The bizarre reason Taylor Parker won’t get to choose a last meal on death row

She’ll be given the same food as the other prisoners

Posts are flooding the internet saying that Maternal Instinct’s Taylor Parker won’t get a last death row meal, but why? Here’s a full explanation.

The new Netflix true crime documentary tells the story of Taylor Parker, who murdered expecting mother Reagan Simmons-Hancock and stole her unborn baby from her abdomen in a chilling crime that rocked Texas.

She committed the heinous murder after tricking her friends, family and own partner, Wade Griffin, into thinking she was expecting a baby for 10 months. She went to extreme lengths, doing a whole gender reveal and pregnancy photoshoots.

The 33-year-old is now on death row at the Patrick O’Daniel Unit after being found guilty of capital murder and sentenced to death on 9th November 2022. The prison in Gatesville, Texas, only houses female prisoners.

She has been there for almost four years now, but it could be another decade before she is actually executed, to allow for the appeals process to take place. When she does face execution, she won’t get to choose a final meal.

Credit: Netflix

Why won’t Taylor Parker get a last death row meal?

Inmates on death row usually get to request a final meal to eat before they are given the death penalty, as a last act of compassion before they are killed. However, Taylor Parker won’t get this because she is on death row in Texas, and the state abolished this process after 87 years in 2011. That means no prisoner on death row in Texas will ever get a last meal.

The law change was implemented after a prisoner called Lawrence Russell Brewer asked for a huge meal and then didn’t eat any of it because he wasn’t hungry, The Guardian reported at the time.

The white supremacist was executed for killing a man called James Byrd Jr in a 1998 race hate crime, and he ordered a huge final meal including two fried chicken steaks, a triple bacon cheeseburger, three fajitas, a meat pizza, a pint of ice cream and peanut butter fudge.

After he refused to eat any of the food, Democratic senator John Whitmire spoke out publicly against the tradition. He said: “Enough is enough. It is extremely inappropriate to give a person sentenced to death such a privilege. It’s a privilege which the perpetrator did not provide to their victim.”

The Texas Department of Criminal Justice heard his speech and just two hours later, they abolished the process of choosing a last meal on death row in Texas.

Brad Livingston, the executive director of the Texas Criminal Justice Department, said: “Effective immediately, no such accommodations will be made. They will receive the same meal served to other offenders on the unit. That had been Whitmire’s suggestion.”

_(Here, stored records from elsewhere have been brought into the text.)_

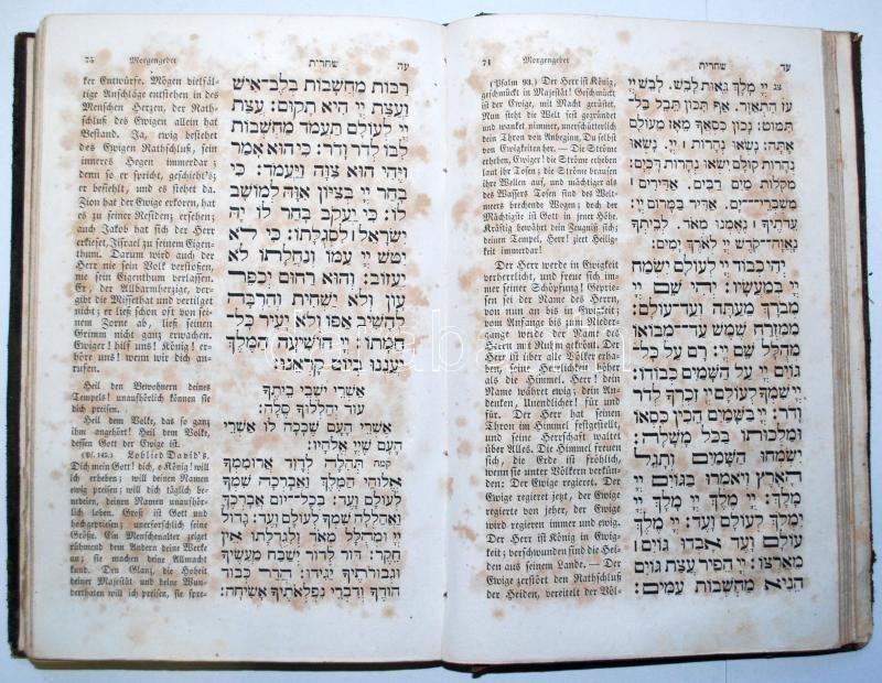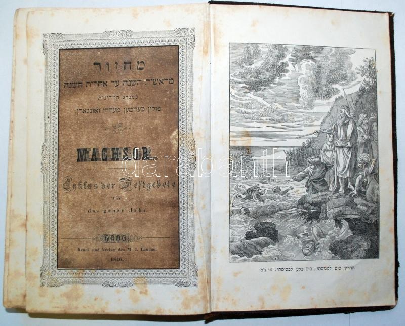 Machsor. Cyklus der Festgebete für das ganze Jahr. Gebete für den ersten und zweiten Tag des Pessachfestes. Übers.: M. I. Landau. Prag, 1846, M. I. Landau. Héber-német imádságos könyv, dombornyomott aranyozott egészbőr kötésben, a címlapon fametszettel /
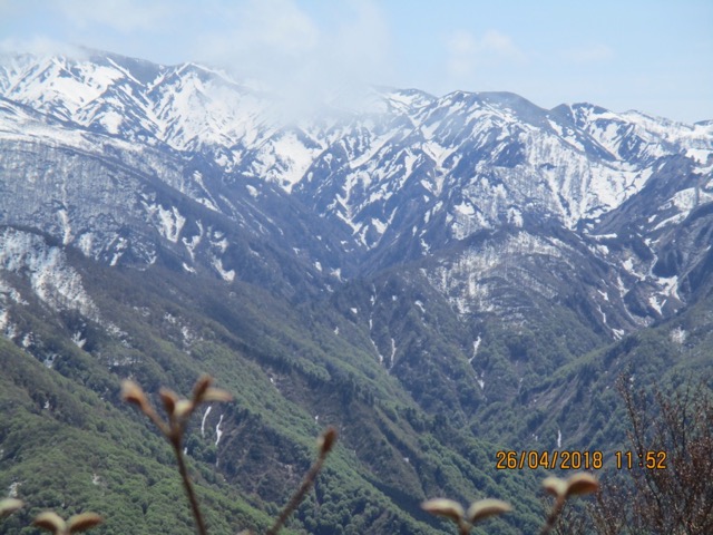 晴れてきた。残雪の山は越後三山か?
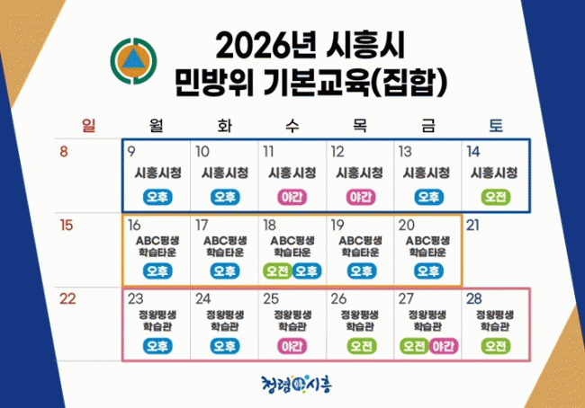 [NWS¹æ¼Û=Çѽ¸ñ ±âÀÚ]½ÃÈï½Ã´Â 3¿ù 9ÀϺÎÅÍ °ü³» ¹Î¹æÀ§´ë¿øÀ» ´ë»óÀ¸·Î ¡®2026³â ¹Î¹æÀ§ ±âº»±³À°¡¯À» ÁøÇàÇÑ´Ù. ¹Î¹æÀ§´ë¿øÀº Æí¼º ¿¬Â÷¿¡ µû¶ó ±³À° ¹æ½Ä°ú À̼ö ½Ã°£ÀÌ ´Ù¸£´Ù. 1~2³â Â÷ ´ë¿øÀº ÁýÇÕ±³À° 4½Ã°£À» À̼öÇØ¾ß Çϸç, 3¡¦

In response, Whitmire replied: “It’s long overdue. This old boy last night, enough is enough. We’re fixing to execute the guy and maybe it makes the system feel good about what they’re fixing to do. Kind of hypocritical, you reckon? Mr Byrd didn’t get to choose his last meal. The whole deal is so illogical.”

Since then, no prisoner on death row in Texas has ever been offered a final death row meal, and it’s the only state that has completely abolished special meal requests.